**Task to carry out**. Verbatim transcription with images omitted: return the entries below in full.

**Given records**.
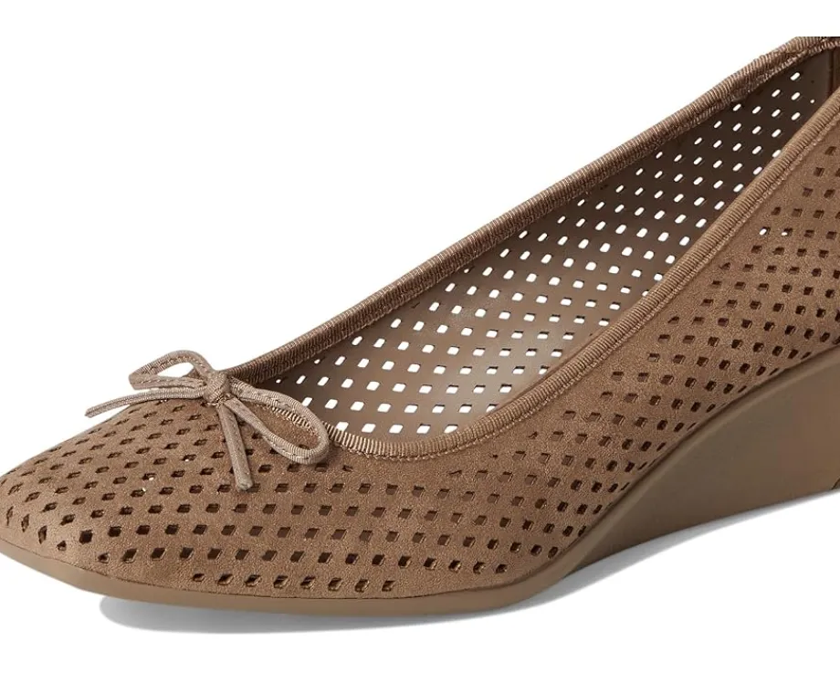 - Step out with a marvelous yet chic flair wearing the Anne Klein® Winslet. The slip-on footwear features polyurethane upper with allover breathable perforations and sleek wedge heel.
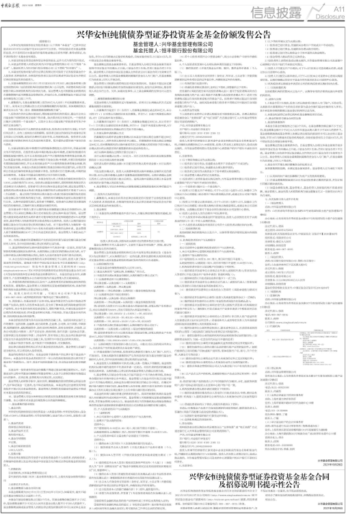 12、本公告仅对本基金发售的有关事项和规定予以说明,投资人欲了解本基金的详细情况,请阅读刊登在中国证监会基金电子信息披露网站(http://eid.csrc.gov.cn/fund)和发布在基金管理人互联网网站(www.xinghuafund.com.cn)的《兴华安恒纯债债券型证券投资基金基金合同》和《兴华安恒纯债债券型证券投资基金招募说明书》。本基金的基金合同、招募说明书、产品资料概要及本公告将同时发布在基金管理人的互联网网站。
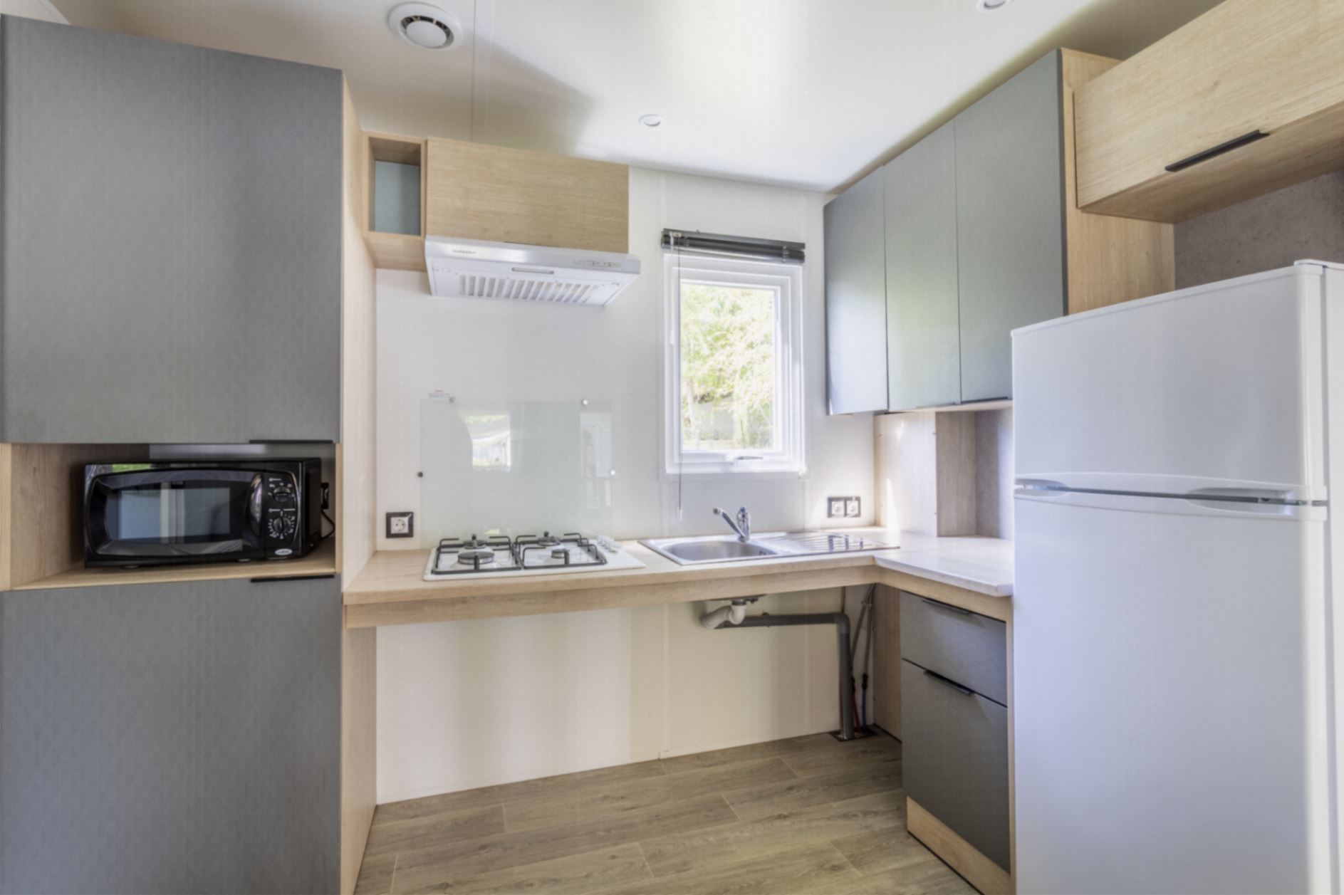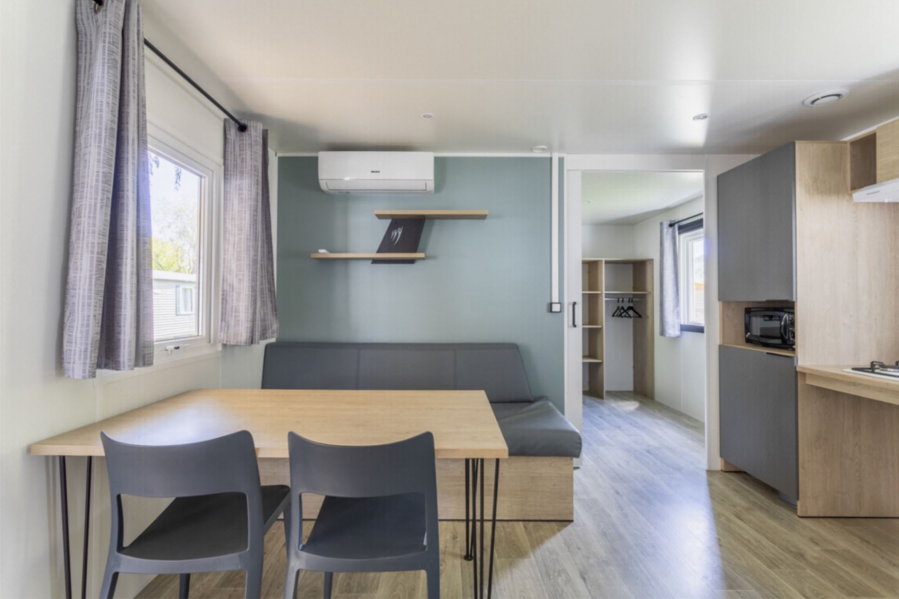 Coin cuisine/séjour : cuisine équipée : évier, gazinière à 4 feux, réfrigérateur – congélateur, micro-ondes, cafetière à filtre, vaisselle, chauffage dans le séjour et climatisation.
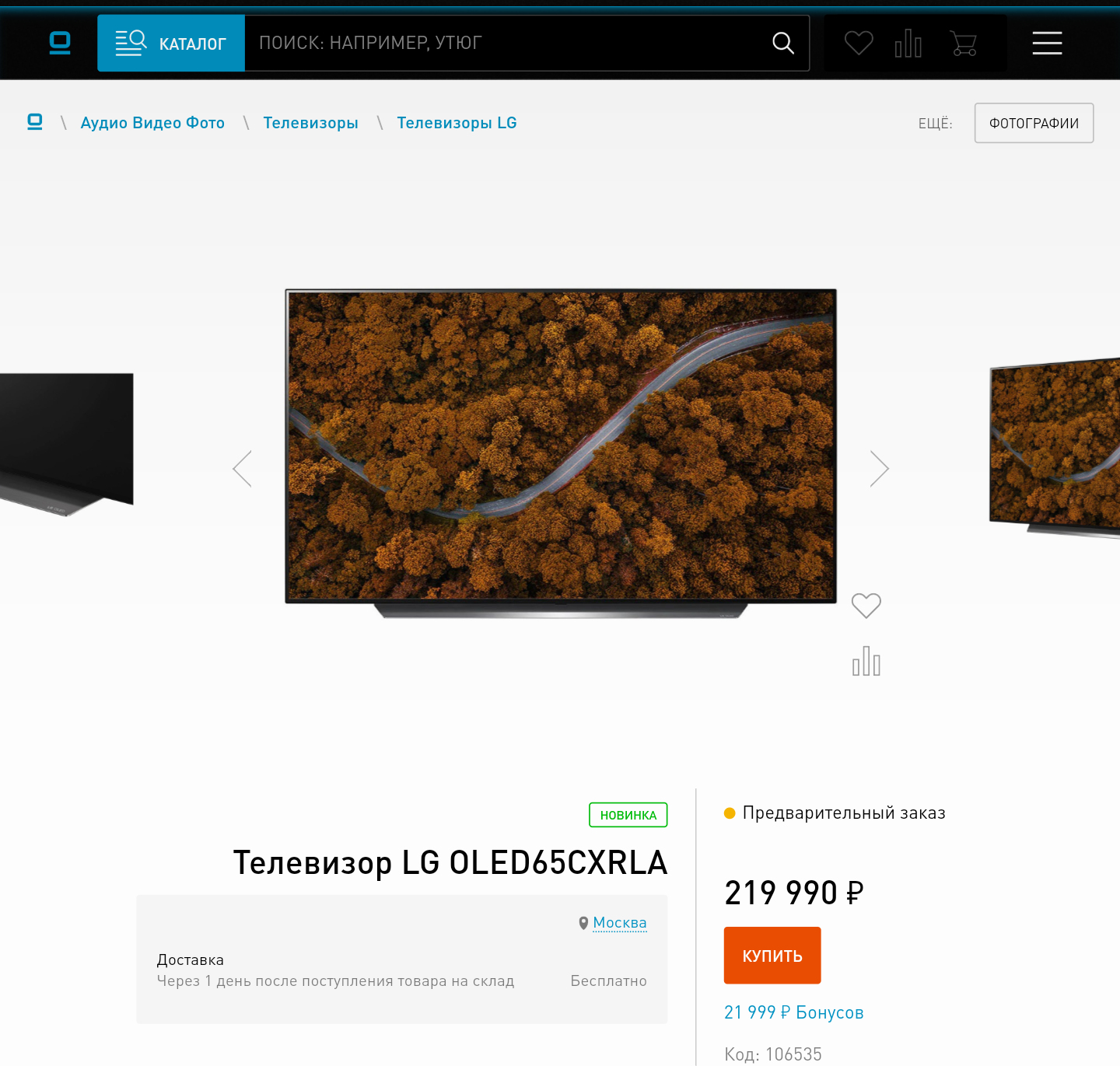 Технопарк уже предлагает купить LG OLED 65CX (по предзаказу) по цене 220 тыс. руб.
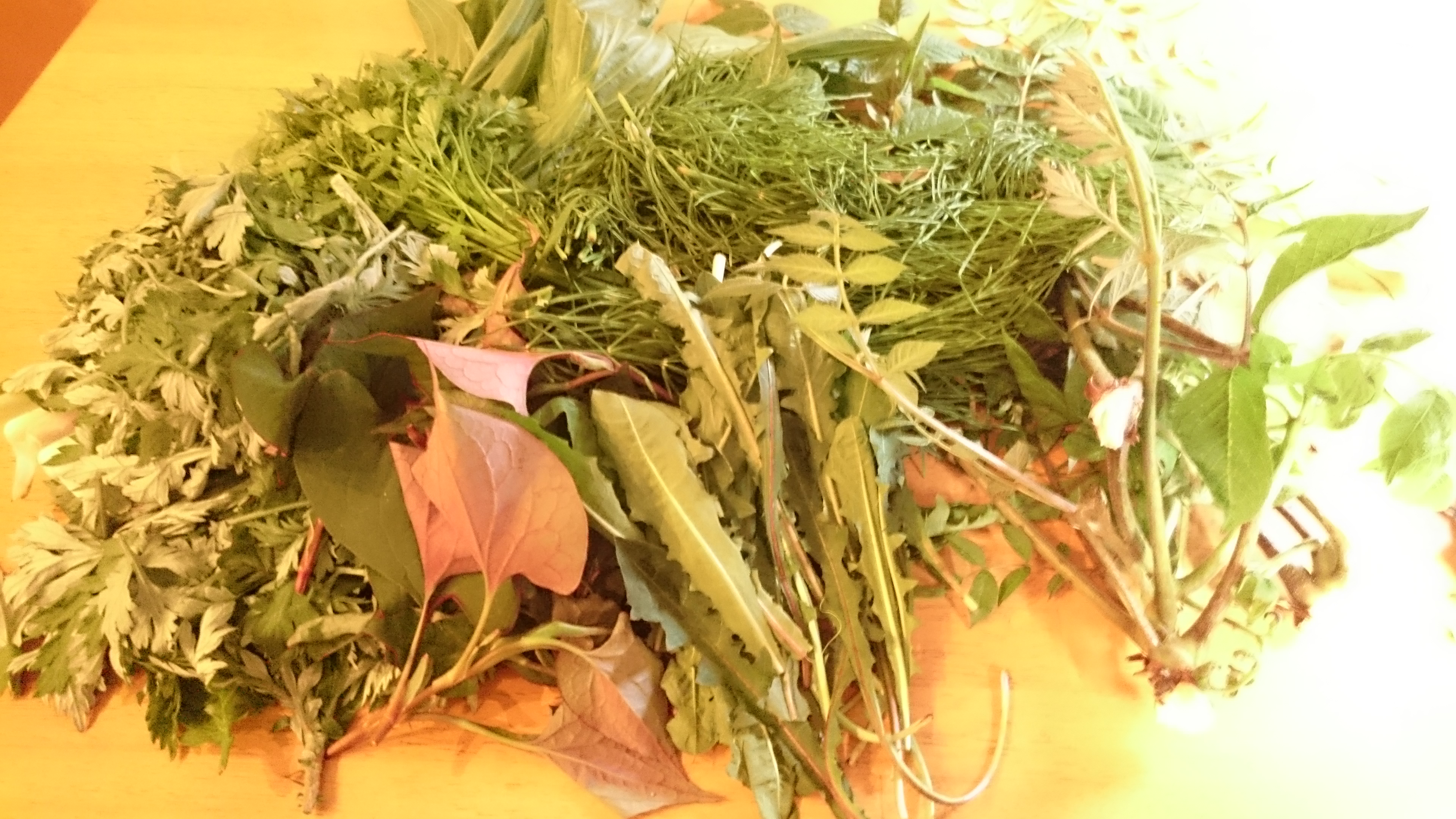 (今回は、ヨモギ、スギナ、どくだみ、タラの芽、うるい、セリ、タンポポの葉)
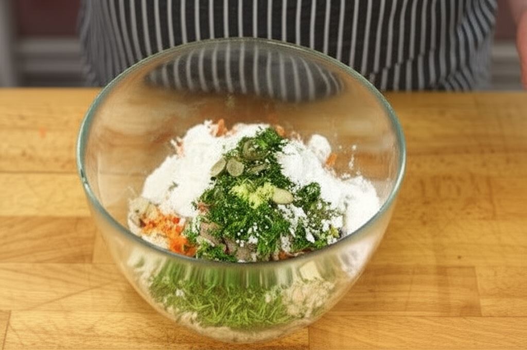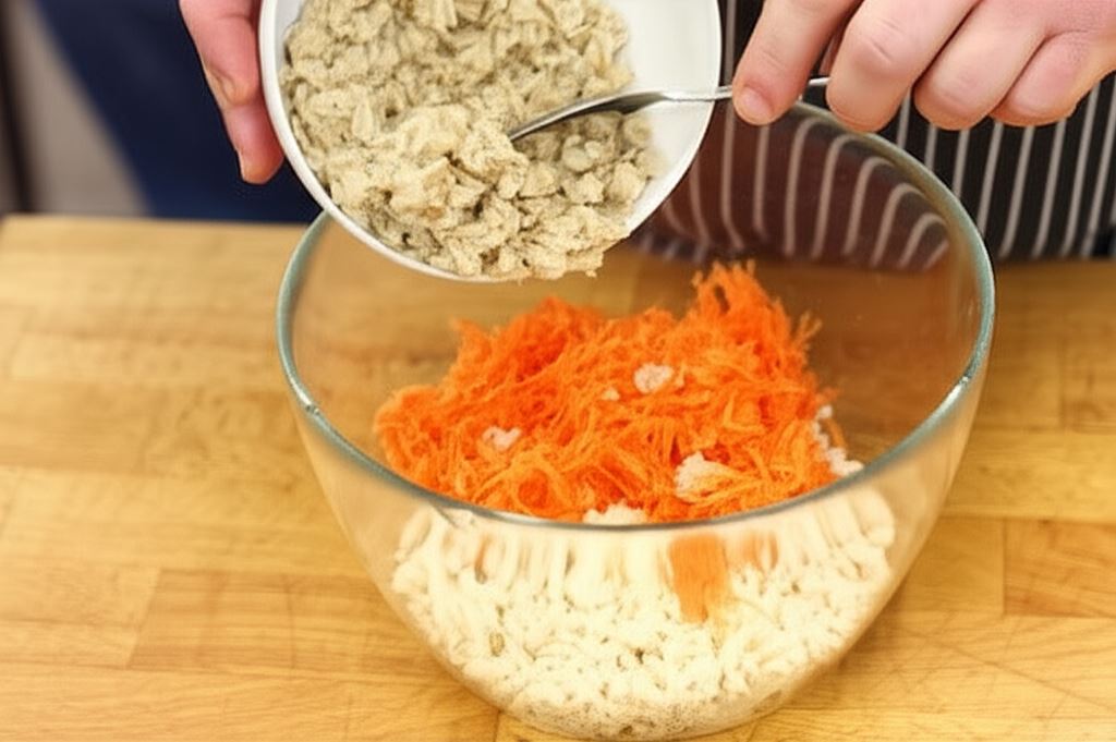 Zmiel ziemniaki i tofu w maszynce do mielenia, marchewkę zetrzyj na tarce, następnie połącz z płatkami.
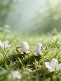 CDCJ, 一对简约陶瓷耳钉摆放在嫩草与白色花瓣交织的草地上,柔光细腻勾勒金属光泽,陶瓷质感温润,草叶轻托耳钉,背景是朦胧的浅绿植被,画面精致小巧,凸显饰品的清新轻奢质感。
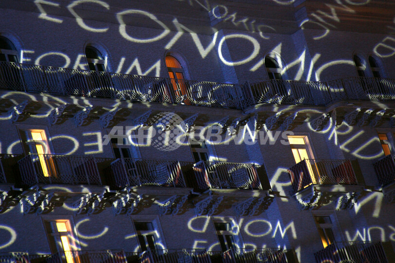 写真はダボスで24日、世界経済フォーラムの初日を迎えてライトアップされたホテル。(c)AFP/JOEL SAGET
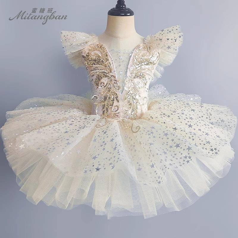 Rok Balet Profesional Anak Perempuan Swan Kecil Payet Putri Mengembang Rok Lucu Pertunjukan Panggung
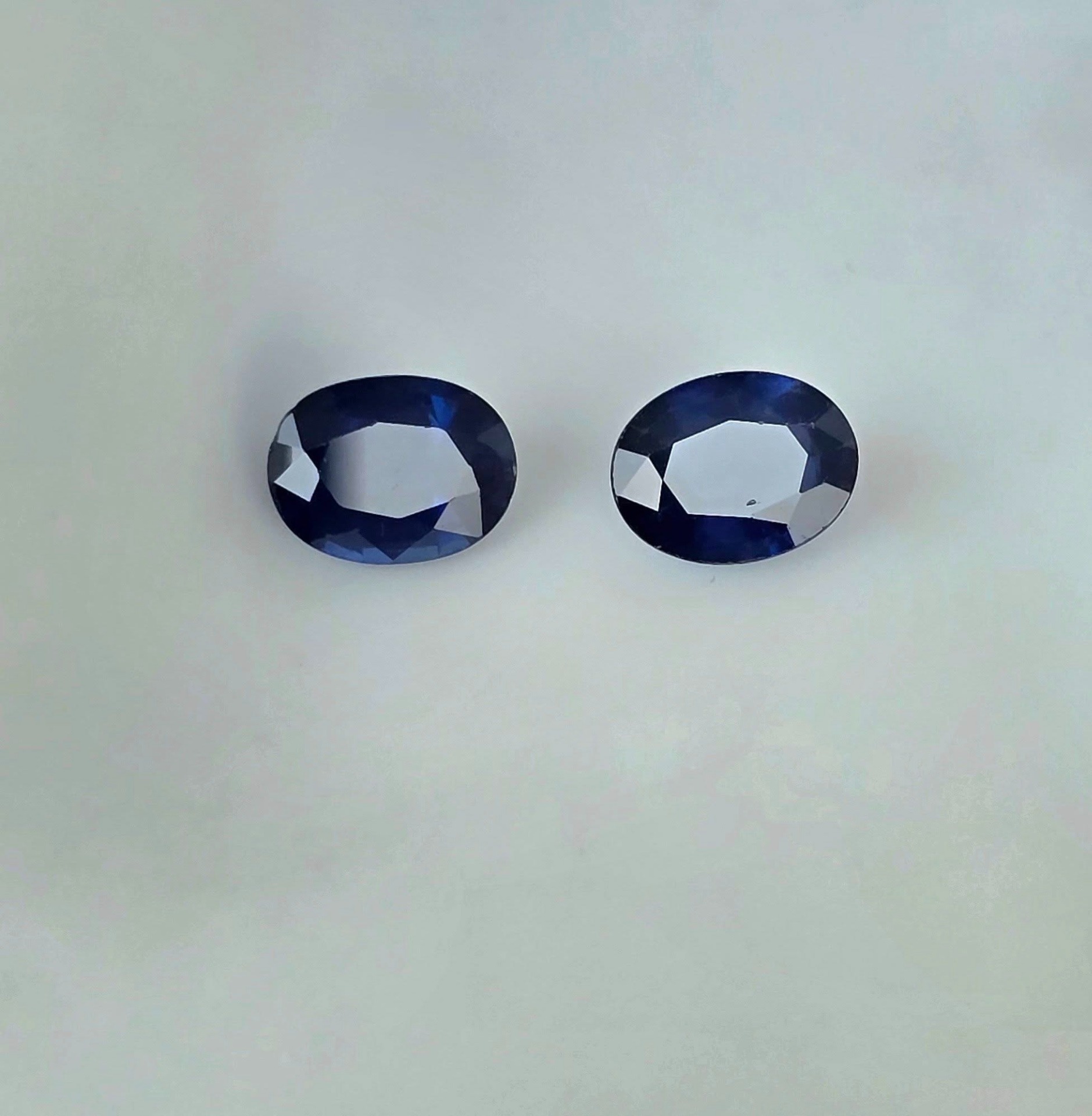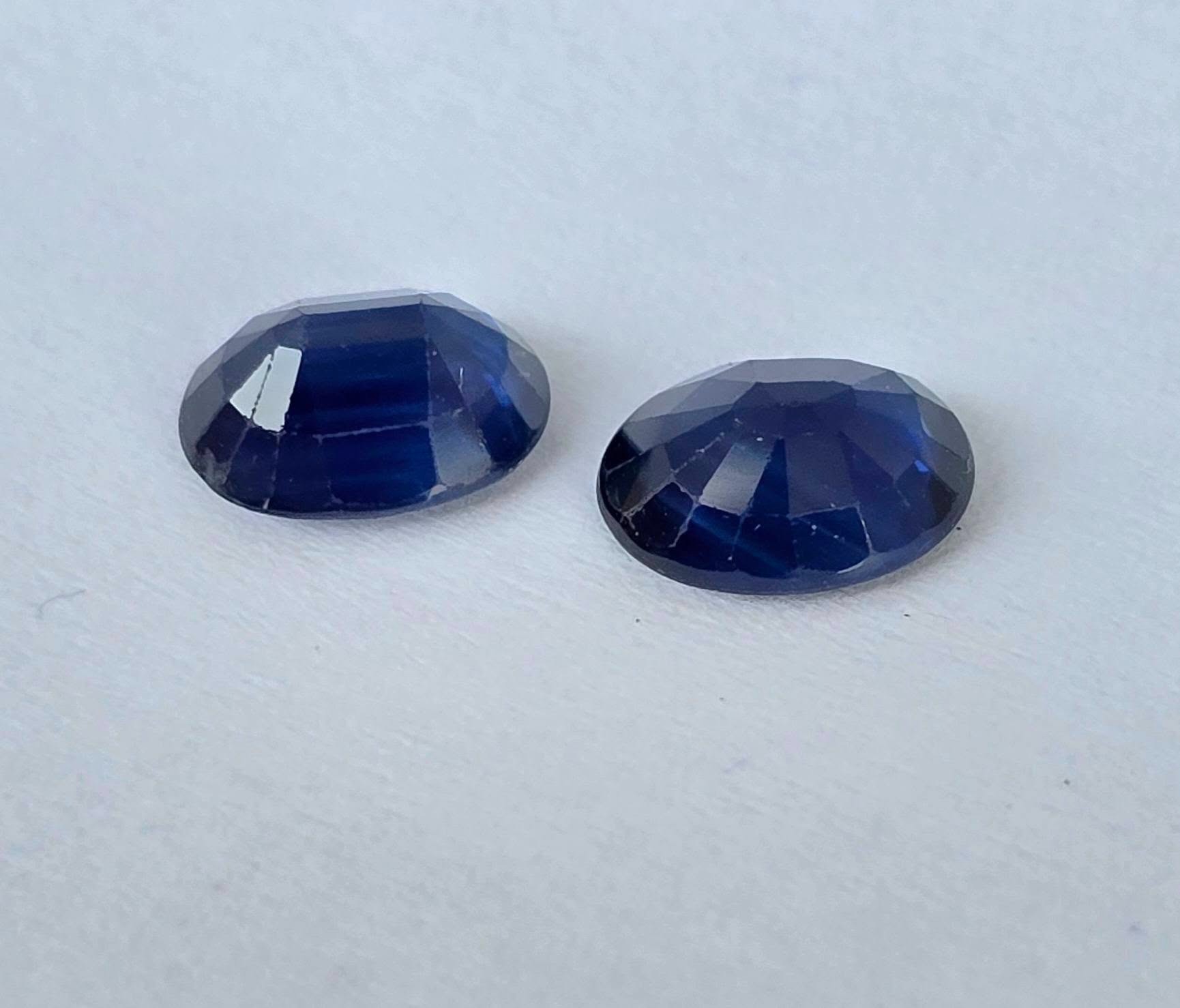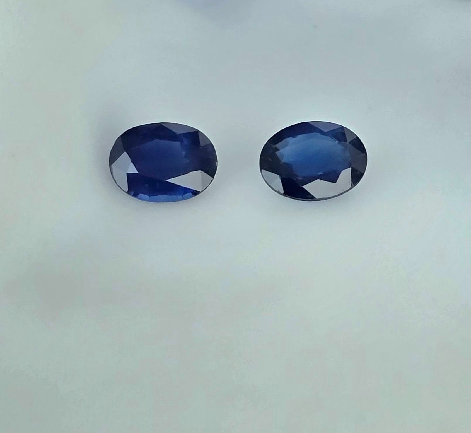 Safire naturale, tăietură "ovală", cu vizibile zone de culoare naturale ("color zone"), cu dimensiuni apropiate, potrivite pentru încorporarea lor într-o pereche de cercei.

**Solution to this problem**.
 - Step out with a marvelous yet chic flair wearing the Anne Klein® Winslet. The slip-on footwear features polyurethane upper with allover breathable perforations and sleek wedge heel.
 12、本公告仅对本基金发售的有关事项和规定予以说明,投资人欲了解本基金的详细情况,请阅读刊登在中国证监会基金电子信息披露网站(http://eid.csrc.gov.cn/fund)和发布在基金管理人互联网网站(www.xinghuafund.com.cn)的《兴华安恒纯债债券型证券投资基金基金合同》和《兴华安恒纯债债券型证券投资基金招募说明书》。本基金的基金合同、招募说明书、产品资料概要及本公告将同时发布在基金管理人的互联网网站。
 Coin cuisine/séjour : cuisine équipée : évier, gazinière à 4 feux, réfrigérateur – congélateur, micro-ondes, cafetière à filtre, vaisselle, chauffage dans le séjour et climatisation.
 Технопарк уже предлагает купить LG OLED 65CX (по предзаказу) по цене 220 тыс. руб.
 (今回は、ヨモギ、スギナ、どくだみ、タラの芽、うるい、セリ、タンポポの葉)
 Zmiel ziemniaki i tofu w maszynce do mielenia, marchewkę zetrzyj na tarce, następnie połącz z płatkami.
 CDCJ, 一对简约陶瓷耳钉摆放在嫩草与白色花瓣交织的草地上,柔光细腻勾勒金属光泽,陶瓷质感温润,草叶轻托耳钉,背景是朦胧的浅绿植被,画面精致小巧,凸显饰品的清新轻奢质感。
 写真はダボスで24日、世界経済フォーラムの初日を迎えてライトアップされたホテル。(c)AFP/JOEL SAGET
 Rok Balet Profesional Anak Perempuan Swan Kecil Payet Putri Mengembang Rok Lucu Pertunjukan Panggung
 Safire naturale, tăietură "ovală", cu vizibile zone de culoare naturale ("color zone"), cu dimensiuni apropiate, potrivite pentru încorporarea lor într-o pereche de cercei.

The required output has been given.